Exercise directions: In the listing below, which lines contain the string "striped"? Copy them all.

Records for this task:
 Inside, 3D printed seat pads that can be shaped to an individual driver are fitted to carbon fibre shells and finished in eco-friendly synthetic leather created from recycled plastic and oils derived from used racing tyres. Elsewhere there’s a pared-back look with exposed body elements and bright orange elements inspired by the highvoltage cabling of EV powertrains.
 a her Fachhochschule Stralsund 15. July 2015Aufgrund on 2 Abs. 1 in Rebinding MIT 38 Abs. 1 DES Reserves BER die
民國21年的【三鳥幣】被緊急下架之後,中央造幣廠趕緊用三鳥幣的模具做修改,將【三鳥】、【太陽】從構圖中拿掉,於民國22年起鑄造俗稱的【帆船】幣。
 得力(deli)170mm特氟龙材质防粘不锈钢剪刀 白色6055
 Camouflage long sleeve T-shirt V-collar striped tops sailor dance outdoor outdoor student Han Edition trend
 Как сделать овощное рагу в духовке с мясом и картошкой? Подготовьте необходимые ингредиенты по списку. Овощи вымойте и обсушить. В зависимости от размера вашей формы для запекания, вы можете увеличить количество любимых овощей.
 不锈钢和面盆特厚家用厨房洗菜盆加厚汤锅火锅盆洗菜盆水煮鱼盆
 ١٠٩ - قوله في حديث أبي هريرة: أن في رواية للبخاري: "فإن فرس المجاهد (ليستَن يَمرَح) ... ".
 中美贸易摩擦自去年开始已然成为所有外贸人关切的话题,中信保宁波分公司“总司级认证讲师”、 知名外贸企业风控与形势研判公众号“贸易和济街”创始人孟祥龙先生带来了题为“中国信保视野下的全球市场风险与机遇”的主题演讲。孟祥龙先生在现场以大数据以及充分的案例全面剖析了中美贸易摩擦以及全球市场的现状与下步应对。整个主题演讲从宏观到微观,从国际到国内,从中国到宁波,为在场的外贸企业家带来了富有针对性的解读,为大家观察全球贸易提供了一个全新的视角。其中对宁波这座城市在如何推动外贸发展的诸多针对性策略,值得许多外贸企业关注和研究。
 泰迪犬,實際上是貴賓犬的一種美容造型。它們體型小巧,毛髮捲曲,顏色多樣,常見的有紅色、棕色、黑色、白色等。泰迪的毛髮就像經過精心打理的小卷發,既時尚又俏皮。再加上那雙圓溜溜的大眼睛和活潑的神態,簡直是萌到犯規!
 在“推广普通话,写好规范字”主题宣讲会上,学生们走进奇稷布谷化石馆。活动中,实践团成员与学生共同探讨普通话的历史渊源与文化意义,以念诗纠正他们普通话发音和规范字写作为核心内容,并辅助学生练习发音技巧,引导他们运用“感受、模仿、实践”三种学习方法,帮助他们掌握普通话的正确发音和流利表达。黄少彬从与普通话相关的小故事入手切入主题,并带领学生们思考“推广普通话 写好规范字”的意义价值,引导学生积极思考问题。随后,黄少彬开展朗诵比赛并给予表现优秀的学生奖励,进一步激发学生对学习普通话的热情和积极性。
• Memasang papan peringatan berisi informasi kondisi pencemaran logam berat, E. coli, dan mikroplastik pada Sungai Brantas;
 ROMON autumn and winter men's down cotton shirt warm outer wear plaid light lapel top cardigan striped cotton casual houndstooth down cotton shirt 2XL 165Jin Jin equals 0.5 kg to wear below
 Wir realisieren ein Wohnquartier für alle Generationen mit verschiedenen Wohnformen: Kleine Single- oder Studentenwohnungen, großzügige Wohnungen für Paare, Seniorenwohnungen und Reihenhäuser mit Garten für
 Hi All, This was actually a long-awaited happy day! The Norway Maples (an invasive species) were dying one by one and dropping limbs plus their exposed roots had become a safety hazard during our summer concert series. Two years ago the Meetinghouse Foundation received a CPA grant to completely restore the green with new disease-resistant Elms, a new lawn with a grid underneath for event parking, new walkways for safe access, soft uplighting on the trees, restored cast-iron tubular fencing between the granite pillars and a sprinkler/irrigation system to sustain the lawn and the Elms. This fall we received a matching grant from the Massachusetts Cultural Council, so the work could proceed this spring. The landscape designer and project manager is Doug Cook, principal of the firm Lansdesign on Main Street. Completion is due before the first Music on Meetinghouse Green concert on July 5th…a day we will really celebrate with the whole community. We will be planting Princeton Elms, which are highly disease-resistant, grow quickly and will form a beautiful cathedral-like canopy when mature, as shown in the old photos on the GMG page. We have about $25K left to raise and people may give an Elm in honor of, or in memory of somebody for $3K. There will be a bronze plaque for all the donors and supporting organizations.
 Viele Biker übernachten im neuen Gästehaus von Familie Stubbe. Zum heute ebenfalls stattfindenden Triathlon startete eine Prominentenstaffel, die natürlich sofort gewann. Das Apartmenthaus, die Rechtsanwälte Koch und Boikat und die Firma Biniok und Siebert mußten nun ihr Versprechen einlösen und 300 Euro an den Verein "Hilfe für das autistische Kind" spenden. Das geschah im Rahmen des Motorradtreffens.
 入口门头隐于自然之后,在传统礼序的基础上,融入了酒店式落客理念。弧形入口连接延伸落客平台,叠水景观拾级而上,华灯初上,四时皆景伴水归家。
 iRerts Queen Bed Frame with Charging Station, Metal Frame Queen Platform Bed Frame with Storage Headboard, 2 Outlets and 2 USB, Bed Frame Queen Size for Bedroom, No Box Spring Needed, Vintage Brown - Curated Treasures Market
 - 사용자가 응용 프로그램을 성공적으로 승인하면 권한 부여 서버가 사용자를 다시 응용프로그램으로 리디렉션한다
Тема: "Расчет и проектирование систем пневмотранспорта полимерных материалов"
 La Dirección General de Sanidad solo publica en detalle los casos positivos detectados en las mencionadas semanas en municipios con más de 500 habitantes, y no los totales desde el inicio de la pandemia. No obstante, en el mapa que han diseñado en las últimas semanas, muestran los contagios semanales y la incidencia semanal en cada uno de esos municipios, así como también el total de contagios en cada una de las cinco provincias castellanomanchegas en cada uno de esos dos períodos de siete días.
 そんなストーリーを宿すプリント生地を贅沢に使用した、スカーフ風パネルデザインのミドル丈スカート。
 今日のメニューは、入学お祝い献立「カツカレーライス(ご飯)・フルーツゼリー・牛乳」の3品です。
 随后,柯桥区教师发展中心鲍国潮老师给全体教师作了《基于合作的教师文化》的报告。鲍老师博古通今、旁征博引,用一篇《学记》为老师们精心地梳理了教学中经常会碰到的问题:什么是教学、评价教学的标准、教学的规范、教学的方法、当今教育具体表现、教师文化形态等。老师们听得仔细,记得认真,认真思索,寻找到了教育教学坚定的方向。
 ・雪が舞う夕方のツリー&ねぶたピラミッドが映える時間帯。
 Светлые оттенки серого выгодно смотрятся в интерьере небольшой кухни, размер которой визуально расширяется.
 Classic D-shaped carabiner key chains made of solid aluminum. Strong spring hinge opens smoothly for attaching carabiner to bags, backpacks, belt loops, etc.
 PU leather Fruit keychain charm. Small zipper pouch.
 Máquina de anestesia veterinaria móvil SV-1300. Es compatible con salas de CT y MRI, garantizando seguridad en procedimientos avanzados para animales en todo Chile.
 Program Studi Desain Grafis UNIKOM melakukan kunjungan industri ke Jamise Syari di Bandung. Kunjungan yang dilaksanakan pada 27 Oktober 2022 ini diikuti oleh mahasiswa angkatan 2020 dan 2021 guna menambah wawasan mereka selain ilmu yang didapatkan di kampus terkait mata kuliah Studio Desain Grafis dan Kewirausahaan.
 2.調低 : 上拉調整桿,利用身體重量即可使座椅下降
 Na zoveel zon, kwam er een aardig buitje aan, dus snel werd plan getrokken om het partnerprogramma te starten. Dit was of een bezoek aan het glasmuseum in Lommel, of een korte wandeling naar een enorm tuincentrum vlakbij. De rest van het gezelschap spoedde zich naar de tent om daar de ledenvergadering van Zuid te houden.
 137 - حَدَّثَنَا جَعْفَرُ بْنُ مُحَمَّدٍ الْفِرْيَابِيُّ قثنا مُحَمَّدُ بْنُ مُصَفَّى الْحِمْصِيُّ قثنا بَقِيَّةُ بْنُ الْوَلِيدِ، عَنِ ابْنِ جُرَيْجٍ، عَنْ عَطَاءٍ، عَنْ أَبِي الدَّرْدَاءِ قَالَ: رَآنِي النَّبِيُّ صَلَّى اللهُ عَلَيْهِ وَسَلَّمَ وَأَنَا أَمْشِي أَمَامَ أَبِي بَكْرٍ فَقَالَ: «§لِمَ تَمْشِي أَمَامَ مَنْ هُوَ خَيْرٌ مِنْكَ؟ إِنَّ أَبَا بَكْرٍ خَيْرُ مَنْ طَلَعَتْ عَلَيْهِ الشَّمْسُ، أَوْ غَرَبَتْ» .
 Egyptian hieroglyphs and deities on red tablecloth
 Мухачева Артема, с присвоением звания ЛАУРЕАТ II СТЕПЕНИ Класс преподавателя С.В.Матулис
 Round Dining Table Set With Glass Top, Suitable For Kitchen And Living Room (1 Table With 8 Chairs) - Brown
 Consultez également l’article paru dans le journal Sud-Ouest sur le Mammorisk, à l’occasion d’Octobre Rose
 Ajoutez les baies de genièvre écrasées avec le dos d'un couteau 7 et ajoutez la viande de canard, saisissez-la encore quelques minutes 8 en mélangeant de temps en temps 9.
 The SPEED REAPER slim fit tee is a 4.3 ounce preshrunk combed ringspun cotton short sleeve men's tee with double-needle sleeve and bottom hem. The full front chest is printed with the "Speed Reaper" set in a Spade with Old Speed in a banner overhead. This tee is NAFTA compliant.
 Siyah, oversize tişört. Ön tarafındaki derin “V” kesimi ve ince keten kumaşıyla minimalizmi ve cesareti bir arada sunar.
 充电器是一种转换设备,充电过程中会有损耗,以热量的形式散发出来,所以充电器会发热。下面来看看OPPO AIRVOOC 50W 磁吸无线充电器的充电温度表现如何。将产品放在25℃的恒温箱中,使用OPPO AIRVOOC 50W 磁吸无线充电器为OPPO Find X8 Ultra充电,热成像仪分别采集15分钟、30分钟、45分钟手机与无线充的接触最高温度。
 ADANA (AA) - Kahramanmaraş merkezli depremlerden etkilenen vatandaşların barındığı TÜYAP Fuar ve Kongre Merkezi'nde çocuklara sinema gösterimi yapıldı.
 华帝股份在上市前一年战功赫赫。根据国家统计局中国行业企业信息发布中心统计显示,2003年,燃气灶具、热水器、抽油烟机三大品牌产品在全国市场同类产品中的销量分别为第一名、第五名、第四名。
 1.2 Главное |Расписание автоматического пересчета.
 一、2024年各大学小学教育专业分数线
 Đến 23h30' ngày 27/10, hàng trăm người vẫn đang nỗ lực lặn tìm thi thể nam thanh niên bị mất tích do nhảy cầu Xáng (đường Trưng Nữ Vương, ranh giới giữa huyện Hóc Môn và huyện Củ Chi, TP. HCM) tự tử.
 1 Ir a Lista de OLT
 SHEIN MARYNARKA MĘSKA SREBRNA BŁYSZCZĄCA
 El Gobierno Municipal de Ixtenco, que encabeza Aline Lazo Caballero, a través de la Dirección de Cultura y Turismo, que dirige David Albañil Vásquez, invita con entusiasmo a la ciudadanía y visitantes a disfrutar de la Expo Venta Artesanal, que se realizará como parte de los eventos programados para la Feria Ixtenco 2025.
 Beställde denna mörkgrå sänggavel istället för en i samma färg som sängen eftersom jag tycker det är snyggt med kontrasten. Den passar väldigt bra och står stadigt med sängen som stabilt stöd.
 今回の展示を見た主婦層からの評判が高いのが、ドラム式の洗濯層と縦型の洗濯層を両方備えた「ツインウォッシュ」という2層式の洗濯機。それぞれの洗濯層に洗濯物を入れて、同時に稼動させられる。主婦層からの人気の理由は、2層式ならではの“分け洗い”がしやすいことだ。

The answer:
 Camouflage long sleeve T-shirt V-collar striped tops sailor dance outdoor outdoor student Han Edition trend
 ROMON autumn and winter men's down cotton shirt warm outer wear plaid light lapel top cardigan striped cotton casual houndstooth down cotton shirt 2XL 165Jin Jin equals 0.5 kg to wear below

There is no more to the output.